Bingo. We didn't get the equation done perfectly, so sometimes Kff isn't perfect. It helps to simulate it to make sure it performs perfectly before trying it on a bot.

That is the correct equation, nice! You then want to drive R to be at the profile as fast as possible.

Quote:
Originally Posted by ranlevinstein View Post
Can you explain how did you observe the voltage?
You can mathematically prove that the observer can observe the voltage as long as you tune it correctly. This is called observability, and can be calculated from some matrix products given A and C. For most controls people, that is enough of an explanation

Intuitively, you can think of the observer estimating where the next sensor reading should be, measuring what it got, and then attributing the error to some amount of error in each state. So, if the position is always reading higher than expected, it will slowly squeeze the error into the voltage error term, where it will finally influence the model to not always read high anymore. You'll then have a pretty good estimate of the voltage required to do what you are currently doing.

Quote:
Originally Posted by ranlevinstein View Post
This looks very interesting, why did you choose this way instead of all the other available methods?
Also how does your students understand this paper? There are lot of things that needs to be known in order the understand it.
Who teaches your students all this stuff?
My team don't have any control's mentor and we are not sure if to move to model based control or not. Our main problem with it is that there are a lot of things that need to be taught and it's very hard to maintain the knowledge if we don't have any mentor that knows this. Do you have any advice?

Thank you very much!
The tricky part of the math is that robots can't move sideways. This type of system is known as a non-holonomic system. It is an open research topic to do good non-holonomic control since it is nonlinear. This paper was recommended to me by Jared Russell, and the results in the results section is actually really good. This generates provably stable paths that are feasible. A-Star and all the graph based path planning algorithms struggle to generate feasible paths.

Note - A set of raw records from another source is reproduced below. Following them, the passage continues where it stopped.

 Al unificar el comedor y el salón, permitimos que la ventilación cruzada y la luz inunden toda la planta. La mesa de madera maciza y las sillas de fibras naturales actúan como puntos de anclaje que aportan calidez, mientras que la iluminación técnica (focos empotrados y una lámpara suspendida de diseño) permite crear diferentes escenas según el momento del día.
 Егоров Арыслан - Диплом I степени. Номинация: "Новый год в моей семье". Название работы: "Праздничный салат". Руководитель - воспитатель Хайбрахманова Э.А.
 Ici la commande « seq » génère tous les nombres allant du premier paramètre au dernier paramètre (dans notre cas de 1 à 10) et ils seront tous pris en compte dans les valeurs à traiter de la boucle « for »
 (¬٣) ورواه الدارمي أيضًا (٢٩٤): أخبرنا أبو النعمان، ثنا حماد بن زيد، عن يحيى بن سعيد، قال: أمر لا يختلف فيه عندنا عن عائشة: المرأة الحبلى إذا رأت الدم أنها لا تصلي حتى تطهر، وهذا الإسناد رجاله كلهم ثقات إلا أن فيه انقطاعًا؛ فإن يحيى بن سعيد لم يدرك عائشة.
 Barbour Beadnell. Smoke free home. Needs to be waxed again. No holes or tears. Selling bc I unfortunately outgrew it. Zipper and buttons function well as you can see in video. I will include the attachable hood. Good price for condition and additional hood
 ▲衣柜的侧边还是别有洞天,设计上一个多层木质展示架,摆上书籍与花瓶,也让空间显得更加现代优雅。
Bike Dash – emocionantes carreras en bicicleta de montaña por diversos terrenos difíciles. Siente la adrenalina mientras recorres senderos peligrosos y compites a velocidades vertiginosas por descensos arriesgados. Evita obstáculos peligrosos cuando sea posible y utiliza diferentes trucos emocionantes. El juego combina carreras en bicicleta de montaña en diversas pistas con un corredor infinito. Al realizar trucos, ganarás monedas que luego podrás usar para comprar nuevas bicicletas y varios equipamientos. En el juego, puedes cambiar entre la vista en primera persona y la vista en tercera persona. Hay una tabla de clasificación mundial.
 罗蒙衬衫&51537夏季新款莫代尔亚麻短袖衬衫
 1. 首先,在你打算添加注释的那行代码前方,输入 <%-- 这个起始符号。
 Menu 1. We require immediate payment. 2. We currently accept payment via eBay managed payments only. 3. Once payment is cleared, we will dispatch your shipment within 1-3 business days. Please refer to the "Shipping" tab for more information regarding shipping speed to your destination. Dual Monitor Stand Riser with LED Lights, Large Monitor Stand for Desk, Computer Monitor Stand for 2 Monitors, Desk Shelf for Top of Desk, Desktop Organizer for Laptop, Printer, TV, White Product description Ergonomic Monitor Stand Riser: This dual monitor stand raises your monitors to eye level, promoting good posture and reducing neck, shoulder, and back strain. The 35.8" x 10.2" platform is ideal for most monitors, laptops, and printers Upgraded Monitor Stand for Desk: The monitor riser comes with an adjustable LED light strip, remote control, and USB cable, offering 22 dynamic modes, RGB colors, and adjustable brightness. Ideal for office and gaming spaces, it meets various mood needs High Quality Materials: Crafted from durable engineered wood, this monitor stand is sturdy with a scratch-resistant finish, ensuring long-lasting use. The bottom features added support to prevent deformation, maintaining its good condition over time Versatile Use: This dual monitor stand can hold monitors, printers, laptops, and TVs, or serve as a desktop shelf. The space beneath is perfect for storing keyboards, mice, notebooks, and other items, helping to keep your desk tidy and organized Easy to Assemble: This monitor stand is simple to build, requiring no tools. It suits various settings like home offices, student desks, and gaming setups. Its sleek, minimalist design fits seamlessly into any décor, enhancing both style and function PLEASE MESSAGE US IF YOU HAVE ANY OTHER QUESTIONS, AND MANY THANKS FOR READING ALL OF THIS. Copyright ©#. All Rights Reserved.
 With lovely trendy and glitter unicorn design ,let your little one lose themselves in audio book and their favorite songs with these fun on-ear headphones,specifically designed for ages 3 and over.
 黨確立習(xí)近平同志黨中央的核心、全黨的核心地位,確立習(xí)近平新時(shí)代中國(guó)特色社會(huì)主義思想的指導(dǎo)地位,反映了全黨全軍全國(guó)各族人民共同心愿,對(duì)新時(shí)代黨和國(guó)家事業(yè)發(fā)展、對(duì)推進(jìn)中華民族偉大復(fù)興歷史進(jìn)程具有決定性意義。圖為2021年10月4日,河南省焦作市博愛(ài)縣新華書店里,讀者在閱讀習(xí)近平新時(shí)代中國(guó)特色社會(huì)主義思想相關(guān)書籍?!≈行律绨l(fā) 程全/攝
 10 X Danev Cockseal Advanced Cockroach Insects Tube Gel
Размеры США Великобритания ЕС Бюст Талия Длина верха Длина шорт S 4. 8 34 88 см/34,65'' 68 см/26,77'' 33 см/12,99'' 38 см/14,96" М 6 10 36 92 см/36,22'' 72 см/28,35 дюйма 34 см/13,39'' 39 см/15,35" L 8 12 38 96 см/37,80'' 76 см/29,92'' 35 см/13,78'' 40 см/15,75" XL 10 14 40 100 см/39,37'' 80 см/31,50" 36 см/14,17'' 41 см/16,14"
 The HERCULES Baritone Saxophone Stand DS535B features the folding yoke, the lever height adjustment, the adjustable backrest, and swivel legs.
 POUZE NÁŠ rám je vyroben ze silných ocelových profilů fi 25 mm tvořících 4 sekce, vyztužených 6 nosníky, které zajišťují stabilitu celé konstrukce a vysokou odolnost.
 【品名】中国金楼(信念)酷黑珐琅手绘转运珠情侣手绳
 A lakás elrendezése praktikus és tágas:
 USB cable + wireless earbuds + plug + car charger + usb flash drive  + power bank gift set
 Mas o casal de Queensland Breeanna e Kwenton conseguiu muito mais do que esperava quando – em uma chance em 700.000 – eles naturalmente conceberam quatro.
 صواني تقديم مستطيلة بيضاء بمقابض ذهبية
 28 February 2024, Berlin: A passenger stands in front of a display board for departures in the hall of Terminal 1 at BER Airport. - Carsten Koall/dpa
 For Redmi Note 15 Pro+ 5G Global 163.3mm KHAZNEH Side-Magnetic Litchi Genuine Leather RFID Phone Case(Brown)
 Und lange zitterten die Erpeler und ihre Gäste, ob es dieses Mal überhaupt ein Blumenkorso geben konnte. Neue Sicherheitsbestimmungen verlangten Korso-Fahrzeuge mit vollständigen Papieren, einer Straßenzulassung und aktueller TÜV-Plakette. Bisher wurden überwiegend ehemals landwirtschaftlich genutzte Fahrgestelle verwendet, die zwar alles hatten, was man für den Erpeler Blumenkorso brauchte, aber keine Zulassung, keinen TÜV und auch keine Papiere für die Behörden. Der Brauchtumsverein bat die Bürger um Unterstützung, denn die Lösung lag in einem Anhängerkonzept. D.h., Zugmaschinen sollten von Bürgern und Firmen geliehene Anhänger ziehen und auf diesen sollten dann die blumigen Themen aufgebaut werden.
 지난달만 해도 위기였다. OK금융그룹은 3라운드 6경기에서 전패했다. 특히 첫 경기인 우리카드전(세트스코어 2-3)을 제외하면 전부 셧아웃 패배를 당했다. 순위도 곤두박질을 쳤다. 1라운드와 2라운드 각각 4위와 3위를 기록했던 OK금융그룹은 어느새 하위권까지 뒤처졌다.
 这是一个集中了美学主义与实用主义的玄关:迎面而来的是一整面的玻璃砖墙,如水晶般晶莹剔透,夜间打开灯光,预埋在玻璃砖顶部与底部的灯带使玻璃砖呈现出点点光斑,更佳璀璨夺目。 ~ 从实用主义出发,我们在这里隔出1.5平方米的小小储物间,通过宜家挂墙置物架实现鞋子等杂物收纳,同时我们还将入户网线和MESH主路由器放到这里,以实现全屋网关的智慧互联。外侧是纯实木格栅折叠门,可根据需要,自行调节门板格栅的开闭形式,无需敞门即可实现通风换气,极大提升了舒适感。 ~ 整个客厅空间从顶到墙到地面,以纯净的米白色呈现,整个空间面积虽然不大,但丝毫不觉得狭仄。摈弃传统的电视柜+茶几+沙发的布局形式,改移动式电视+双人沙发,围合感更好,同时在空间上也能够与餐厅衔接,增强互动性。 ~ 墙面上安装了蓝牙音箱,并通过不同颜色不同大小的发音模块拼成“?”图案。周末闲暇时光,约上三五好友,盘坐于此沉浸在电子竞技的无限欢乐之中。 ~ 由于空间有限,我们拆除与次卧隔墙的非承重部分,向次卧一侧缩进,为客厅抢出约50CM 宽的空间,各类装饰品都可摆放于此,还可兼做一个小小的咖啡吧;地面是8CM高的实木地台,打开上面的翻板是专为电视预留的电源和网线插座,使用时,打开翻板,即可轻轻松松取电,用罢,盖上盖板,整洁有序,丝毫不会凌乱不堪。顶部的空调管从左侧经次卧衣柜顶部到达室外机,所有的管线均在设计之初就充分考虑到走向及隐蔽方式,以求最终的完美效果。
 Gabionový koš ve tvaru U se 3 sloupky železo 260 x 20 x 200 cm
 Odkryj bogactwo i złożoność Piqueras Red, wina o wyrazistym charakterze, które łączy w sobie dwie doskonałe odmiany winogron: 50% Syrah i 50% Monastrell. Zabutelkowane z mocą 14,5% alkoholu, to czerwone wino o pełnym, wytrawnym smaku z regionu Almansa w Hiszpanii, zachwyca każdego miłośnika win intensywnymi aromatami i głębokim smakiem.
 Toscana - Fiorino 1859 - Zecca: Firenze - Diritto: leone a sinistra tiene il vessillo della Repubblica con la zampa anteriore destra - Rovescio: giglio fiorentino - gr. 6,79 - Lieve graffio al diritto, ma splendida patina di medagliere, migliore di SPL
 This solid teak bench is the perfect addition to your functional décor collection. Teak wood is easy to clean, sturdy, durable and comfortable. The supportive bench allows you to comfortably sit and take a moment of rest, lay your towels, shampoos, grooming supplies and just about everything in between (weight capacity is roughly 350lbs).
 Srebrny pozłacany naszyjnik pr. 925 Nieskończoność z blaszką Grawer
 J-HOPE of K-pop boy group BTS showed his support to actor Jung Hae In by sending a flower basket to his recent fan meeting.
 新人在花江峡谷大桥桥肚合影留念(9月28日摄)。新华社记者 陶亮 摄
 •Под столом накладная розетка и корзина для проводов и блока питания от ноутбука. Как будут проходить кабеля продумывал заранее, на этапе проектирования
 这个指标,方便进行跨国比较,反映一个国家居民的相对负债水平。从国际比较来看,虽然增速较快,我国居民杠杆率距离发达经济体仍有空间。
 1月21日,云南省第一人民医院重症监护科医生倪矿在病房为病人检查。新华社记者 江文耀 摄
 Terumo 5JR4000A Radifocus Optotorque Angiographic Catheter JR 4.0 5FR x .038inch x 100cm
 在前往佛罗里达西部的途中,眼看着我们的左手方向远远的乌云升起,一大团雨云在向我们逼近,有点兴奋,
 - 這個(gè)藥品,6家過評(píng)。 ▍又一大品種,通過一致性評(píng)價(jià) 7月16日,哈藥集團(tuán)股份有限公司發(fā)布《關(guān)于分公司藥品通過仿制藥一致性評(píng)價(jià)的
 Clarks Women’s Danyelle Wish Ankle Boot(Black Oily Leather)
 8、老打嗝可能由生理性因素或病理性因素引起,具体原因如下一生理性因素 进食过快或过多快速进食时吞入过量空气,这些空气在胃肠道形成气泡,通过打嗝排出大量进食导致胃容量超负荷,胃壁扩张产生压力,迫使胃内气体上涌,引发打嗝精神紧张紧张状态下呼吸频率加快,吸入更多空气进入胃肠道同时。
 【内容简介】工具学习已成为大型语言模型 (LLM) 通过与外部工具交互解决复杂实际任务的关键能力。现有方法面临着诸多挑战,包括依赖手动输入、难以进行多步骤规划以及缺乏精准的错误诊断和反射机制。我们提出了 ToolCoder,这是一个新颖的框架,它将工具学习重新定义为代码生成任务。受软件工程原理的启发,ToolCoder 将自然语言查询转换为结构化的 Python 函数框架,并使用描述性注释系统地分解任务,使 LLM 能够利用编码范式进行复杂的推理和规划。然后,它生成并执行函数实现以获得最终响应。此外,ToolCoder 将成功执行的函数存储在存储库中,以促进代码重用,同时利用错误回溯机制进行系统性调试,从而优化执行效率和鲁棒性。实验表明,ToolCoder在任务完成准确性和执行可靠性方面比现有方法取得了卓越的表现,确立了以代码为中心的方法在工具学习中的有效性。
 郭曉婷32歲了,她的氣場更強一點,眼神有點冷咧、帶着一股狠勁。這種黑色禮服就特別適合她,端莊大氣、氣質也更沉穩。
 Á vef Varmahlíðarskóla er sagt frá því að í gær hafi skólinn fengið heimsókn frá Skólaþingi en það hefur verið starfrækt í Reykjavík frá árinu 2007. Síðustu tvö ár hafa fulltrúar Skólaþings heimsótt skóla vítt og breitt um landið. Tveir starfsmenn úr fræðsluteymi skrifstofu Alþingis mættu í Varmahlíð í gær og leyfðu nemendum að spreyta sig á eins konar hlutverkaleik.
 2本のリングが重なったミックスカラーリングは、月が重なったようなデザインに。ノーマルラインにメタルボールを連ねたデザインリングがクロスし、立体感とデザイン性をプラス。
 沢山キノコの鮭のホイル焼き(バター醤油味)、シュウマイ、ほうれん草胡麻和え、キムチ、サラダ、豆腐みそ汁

We have a small number of students who get really involved in the controls on 971. Some years are better than others, but that's how this type of thing goes. There is a lot of software on a robot that isn't controls. I'm going to see if the paper actually gets good results, and then work to involve students to see if we can fix some of the shortcomings with the model that one of the examples in the paper uses and help make improvements. I think that'll let me simplify the concept somewhat for them and get them playing around with the algorithm. I've yet to try to involve students in something this mathematically challenging, so I'll know more once I've pulled it off... I mostly mention the paper as something fun that you can do with controls in this context.

When I get the proper amount of interest and commitment, I sit down with the student and spend a significant amount of time teaching them how and why state space controllers work. I like to do it by rederiving some of the math to help demystify it, and having them work through examples. I've had students take that knowledge pretty far and do some pretty cool things with it. Teaching someone something this tricky is a lot of work. We tend to have about 1 student every year actually take the time to succeed. Sometimes more, sometimes less.

Doing model based controls without good help can be tricky. I honestly recommend most of the time to focus on writing test cases with simulations with more simple controllers (PID, for example) before you then start looking at model based controls. This gets you ready for what you need to do for more complicated controllers, and if you were to stop there having learned dependency injection and testing, that would already be an enormous success. The issue is that most of this stuff is upper division college level material, and is sometimes graduate level material. Take a subsystem on your robot, and try to write a model based controller for it over the off-season.